* INFORMATION PROVIDED *
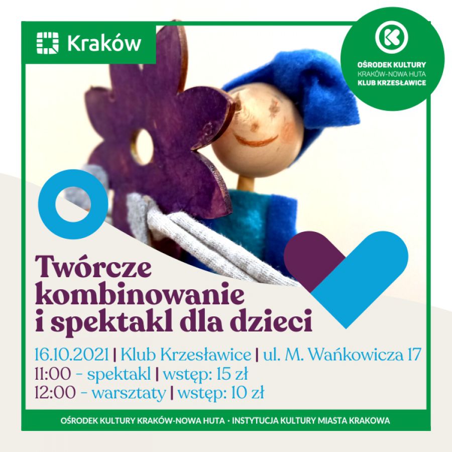Jesień dla dzieci zapowiada się wesoło i kolorowo. A zadba o to Klub Krzesławice, który organizuje warsztaty Twórcze kombinowanie i zaprasza wszystkie dzieciaki do kreatywnej zabawy. 16 padziernika o godz. 11:00 przedstawienie "Prawdziwy skarb" zaprezentuje Teatr Eden z Wieliczki, a o 12:00 mamy w planach maksymalnie wykorzystać możliwoci
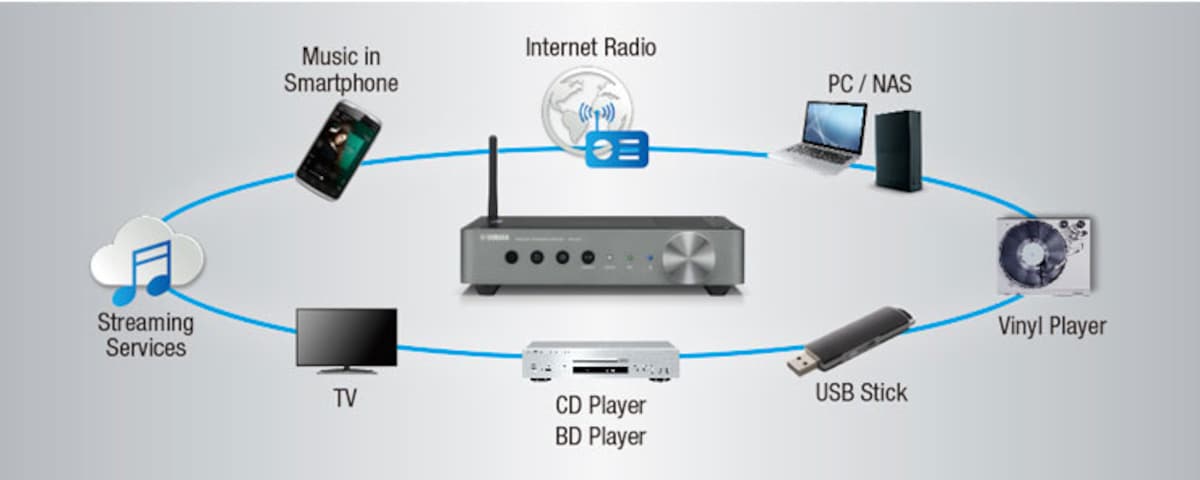 WXA-50 è compatibile con qualsiasi sorgente e con moltissime sorgenti tra cui i servizi di musica in streaming. E' dotato di numerosi ingressi per connettere TV, lettore CD, computer e componenti AV. Sarete in grado di ascoltare tutta la vostra musica preferita da qualunque sorgente direttamente dal vostro dispositivo MusicCast.
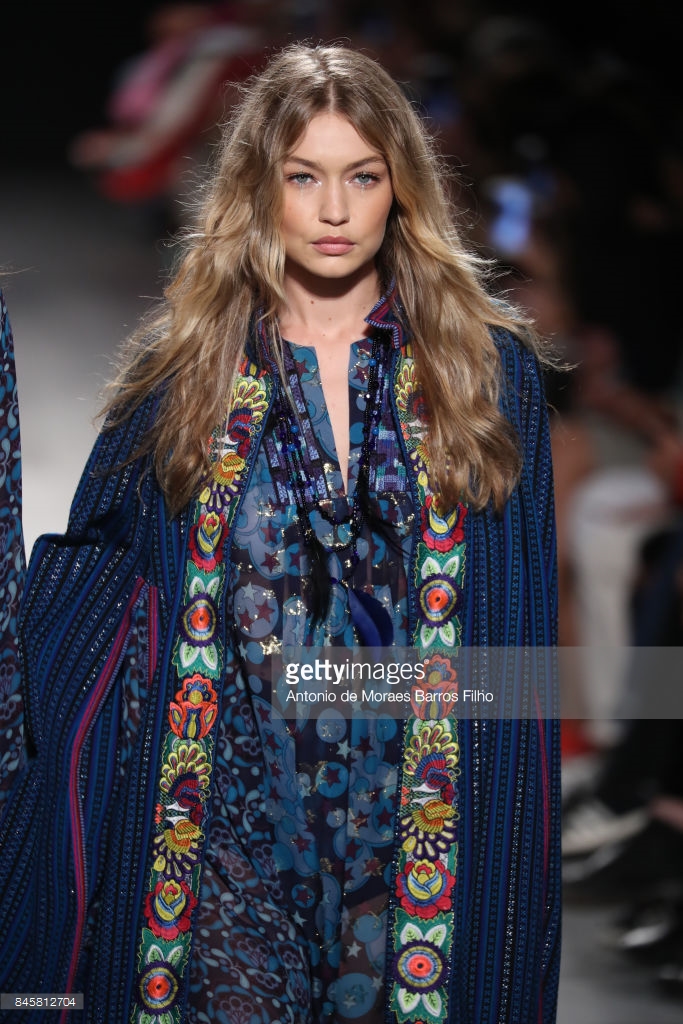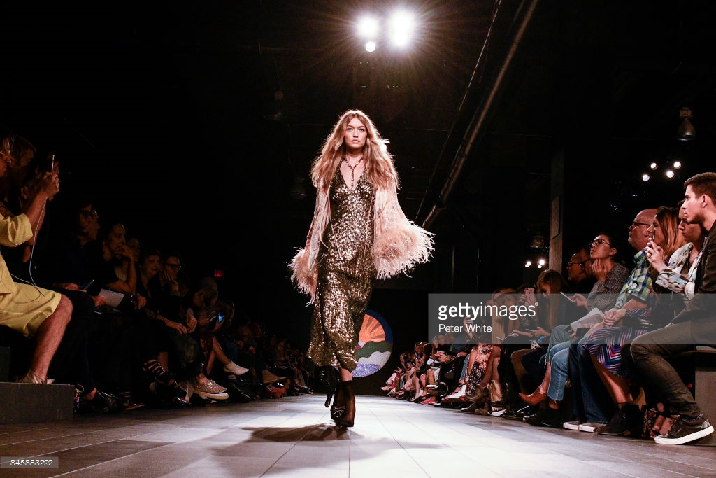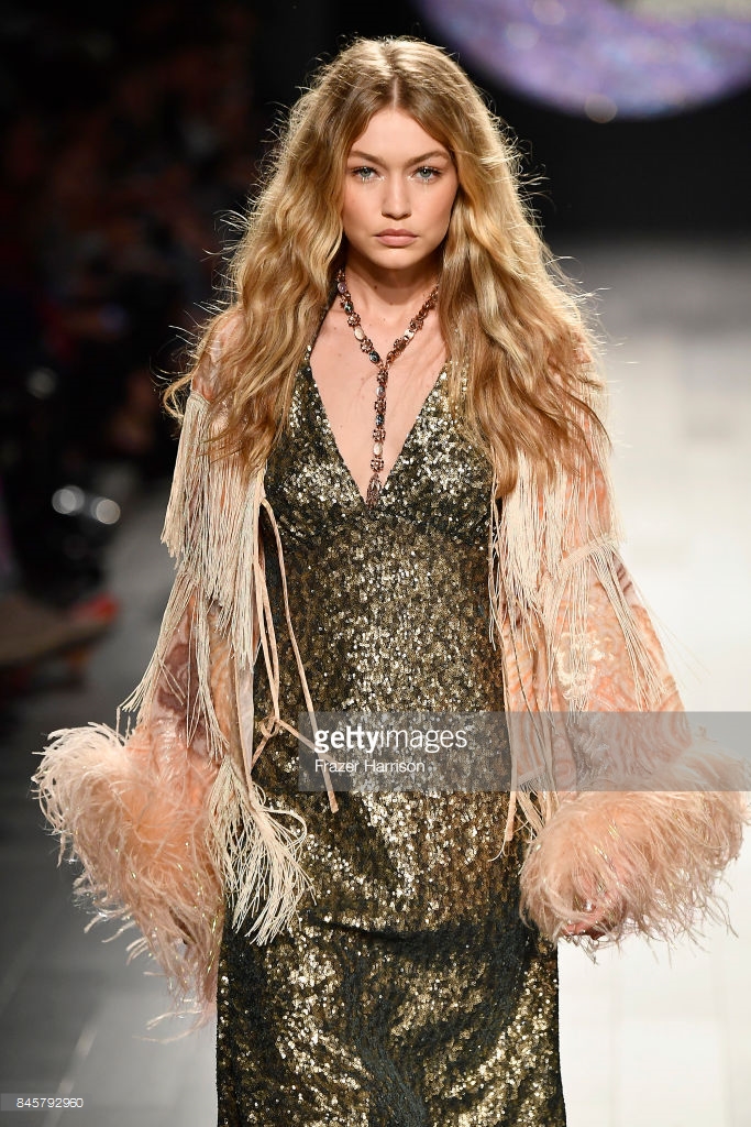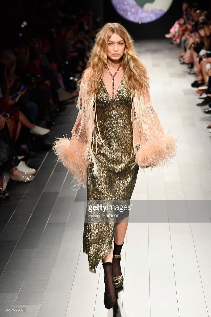Gigi Hadid walks the runway at Anna Su show during New York Fashion Week at Gallery 1, Skylight Clarkson Sq on September 11, 2017 in NYC.

* TO DO *
Nothing but the lines from the beginning of the material above through the line containing "WXA-50 è compatibile" should appear in the answer, copied exactly and free of pictures.

* ANSWER TO THIS EXERCISE *
Jesień dla dzieci zapowiada się wesoło i kolorowo. A zadba o to Klub Krzesławice, który organizuje warsztaty Twórcze kombinowanie i zaprasza wszystkie dzieciaki do kreatywnej zabawy. 16 padziernika o godz. 11:00 przedstawienie "Prawdziwy skarb" zaprezentuje Teatr Eden z Wieliczki, a o 12:00 mamy w planach maksymalnie wykorzystać możliwoci
 WXA-50 è compatibile con qualsiasi sorgente e con moltissime sorgenti tra cui i servizi di musica in streaming. E' dotato di numerosi ingressi per connettere TV, lettore CD, computer e componenti AV. Sarete in grado di ascoltare tutta la vostra musica preferita da qualunque sorgente direttamente dal vostro dispositivo MusicCast.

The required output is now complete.